Leisure Time Travel, Inc., specializes in “producing holiday tours and vacations that comport with Jewish law and tradition.” Villa Roma claims to be the last resort in the Catskills region.
In 2001, the parties entered into a contract whereby Villa Roma would be rented for five Passover holidays, from 2002 through 2006. In 2005, the parties extended the contract for five years, through 2011.
The agreement called for Leisure Time to take over the hotel approximately one week before Passover. The day before Passover in 2006, a fire destroyed the hotel. The hotel refused to return Leisure Time’s $220,000 down payment.

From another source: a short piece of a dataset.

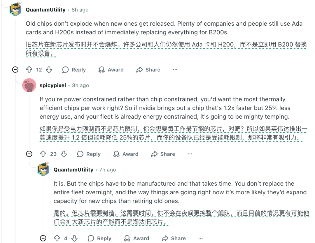 一台昂贵的英伟达芯片,如果暂时插不上电,两、三年后又被新架构取代,那等于在折旧周期内就提前贬值。

When Villa Roma reopened in late 2008, Leisure Time contacted Villa Roma to book the hotel for the 2009-2011 Passover holidays. Villa Roma refused to allow Leisure Time to book the hotel claiming that the fire rendered the parties’ contract impossible to perform thus terminating it. Leisure Time sued claiming that it was entitled to the return of its deposit paid in 2006 and to use the hotel under the terms of the parties’ agreement.
The court found that while the contract was terminated due its impossibility of performance, Villa Roma was not entitled to be enriched by that impossibility and had to return the down payment. The court noted that while impossibility of performance is not available for a temporary impossibility, the fact that the hotel was not obligated to rebuild combined with the long duration of its unavailability was sufficient to cancel the contract. The court found further that had Leisure Time refused to return to Villa Roma after finding an alternative venue for 2007 and 2008, that refusal would have been reasonable, so that forcing Villa Roma to itself be available in 2009 would be similarly unreasonable rendering the element of “mutuality of obligation” missing from the relationship and the contract unenforceable.